Why we spend a whole week on discovery before quoting
What discovery actually looks like
When we say "discovery", we don't mean a workshop. We mean two of our senior people coming and standing next to your team for a week, watching how the work actually happens.
This sounds expensive. It is. It costs roughly £4,500 — the price of finding out the truth before anyone signs a £40,000 contract.
What we're looking for
Three things, mostly:
- The gap between the org chart and the real workflow. These are always different. Sometimes by a lot.
- The undocumented rules. Every business has them. They live in the heads of the people who've been there longest. Software that doesn't capture them is software that gets fought.
- The workarounds that have become the process. That spreadsheet someone built in 2014 that the whole department now depends on. The "just bear with me a sec" double-entry. The Slack message that triggers half the work.
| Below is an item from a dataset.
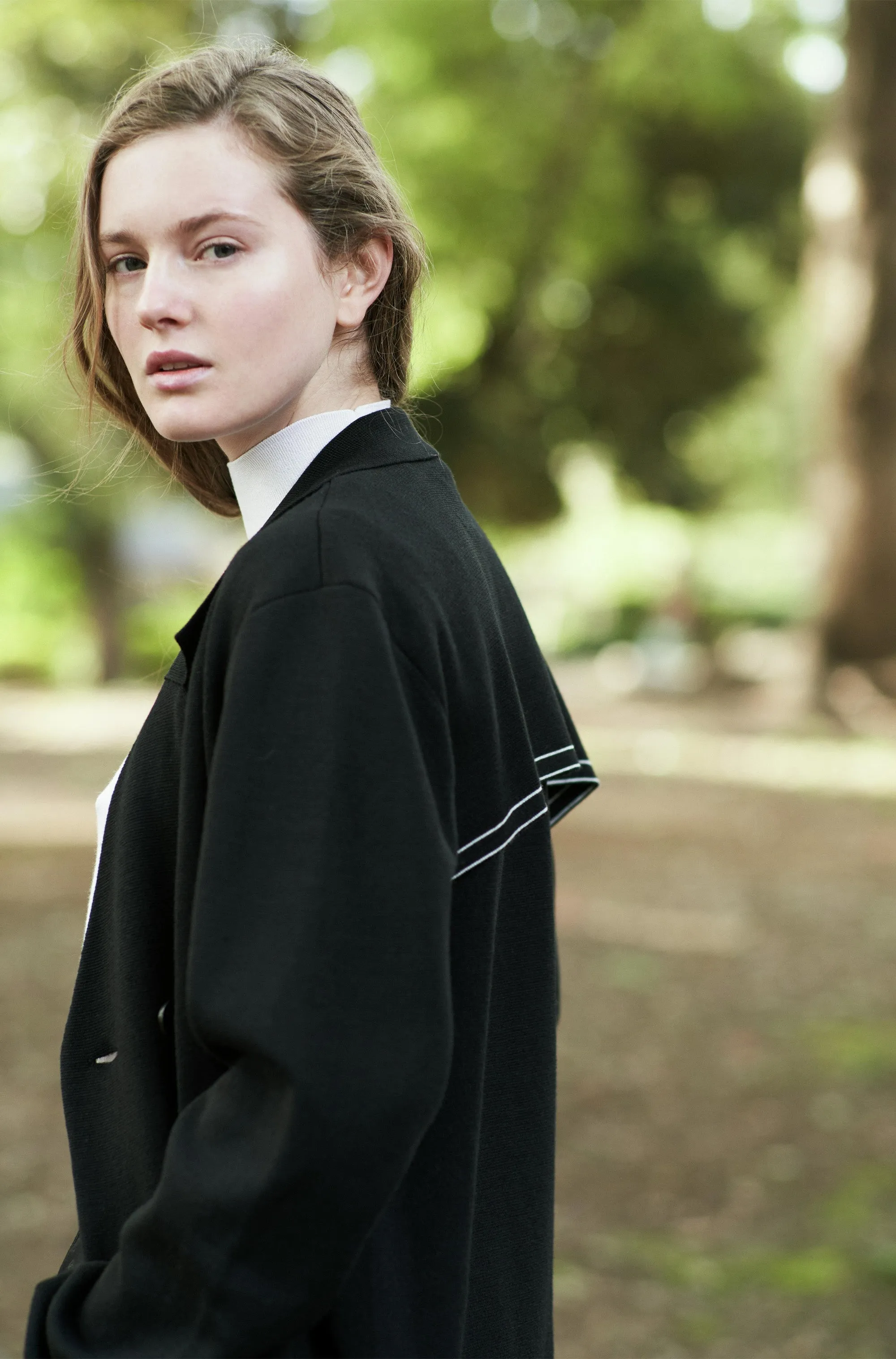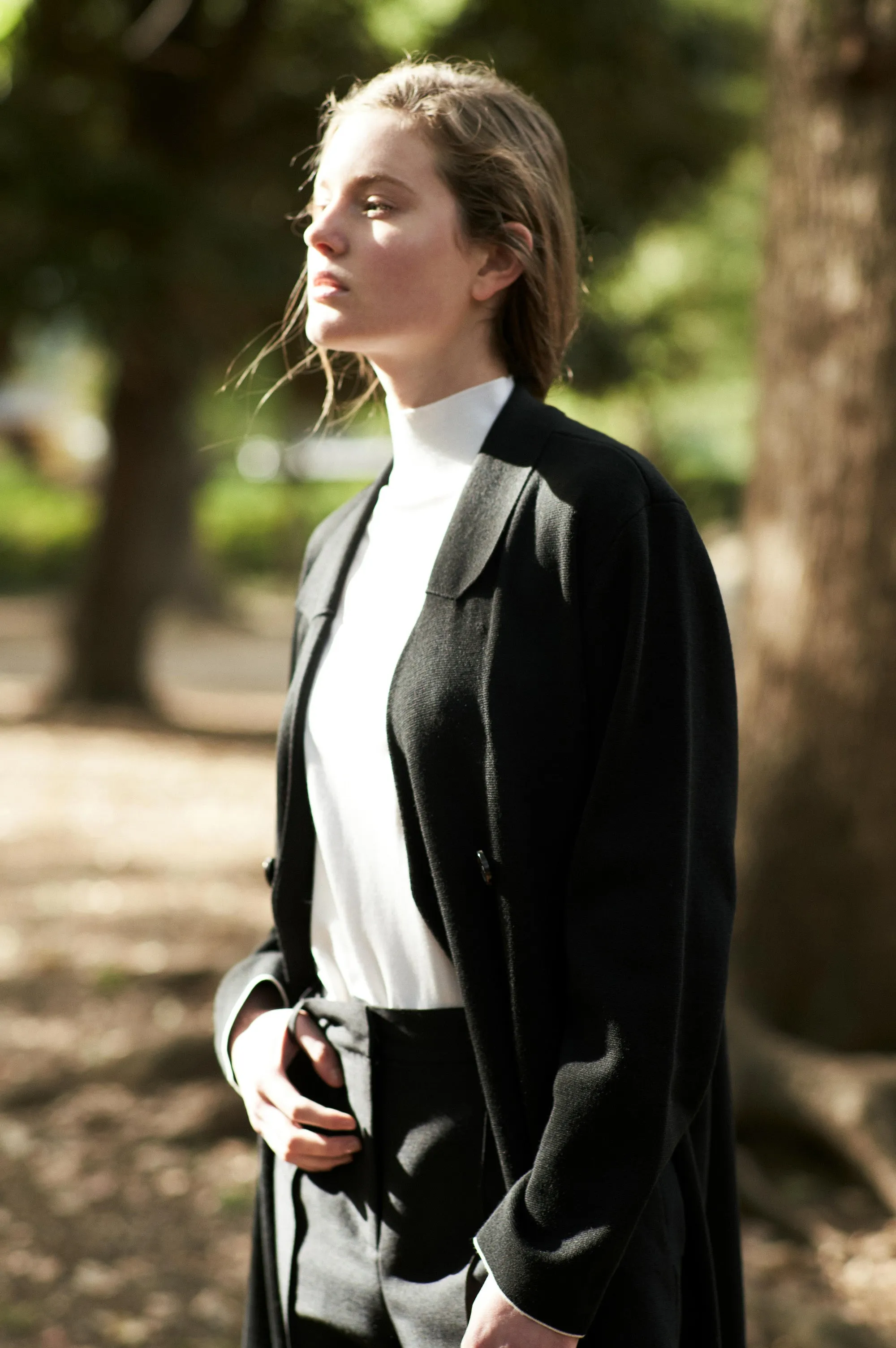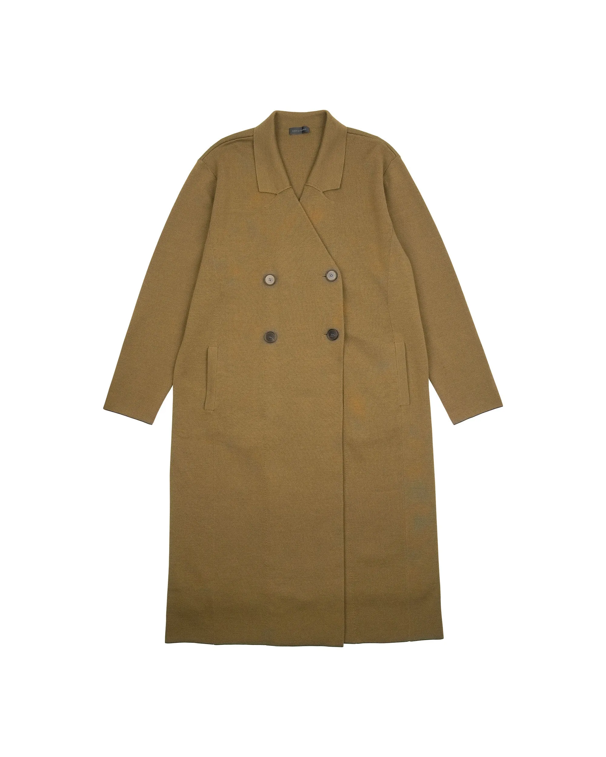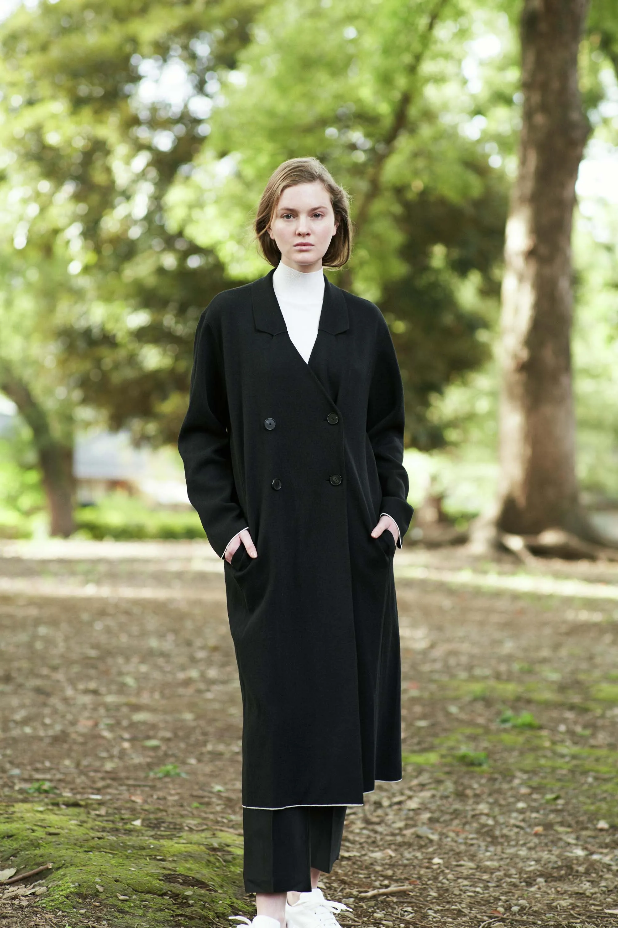 Embodies a captivating fusion of modern rebellion and classic femininity, this double-breasted long coat has a flap collar and side pockets for added utility. A statement knitted line to offer head to toe coordination.

You can't see any of this from a requirements document. You have to sit there and watch.
What you get out of it
At the end of the week, you have:
- A working clickable prototype of the core flows
- A right-sized requirements document — not a 200-page spec, but enough to be unambiguous
- A delivery plan with realistic costs and timelines
- A go / no-go recommendation. Sometimes "don't build this" is the right answer.
If you decide to go ahead, the cost of discovery comes off the build. If you don't, you keep everything we produced and you've spent £4,500 to dodge a £40,000 mistake. Either way it's the cheapest part of the project.
The boring reason it works
The reason this approach delivers projects within 10% of estimate, every time, is dull but real: we only ever quote things we've actually understood.
The horror stories you hear about software projects — the £200k that became £600k, the six-month build that took two years — almost always trace back to estimates given before anyone really understood the work. We don't do that. We can't, honestly. We'd go out of business.
So we charge for discovery, and we take it seriously. It's the most boring thing we do, and the most important.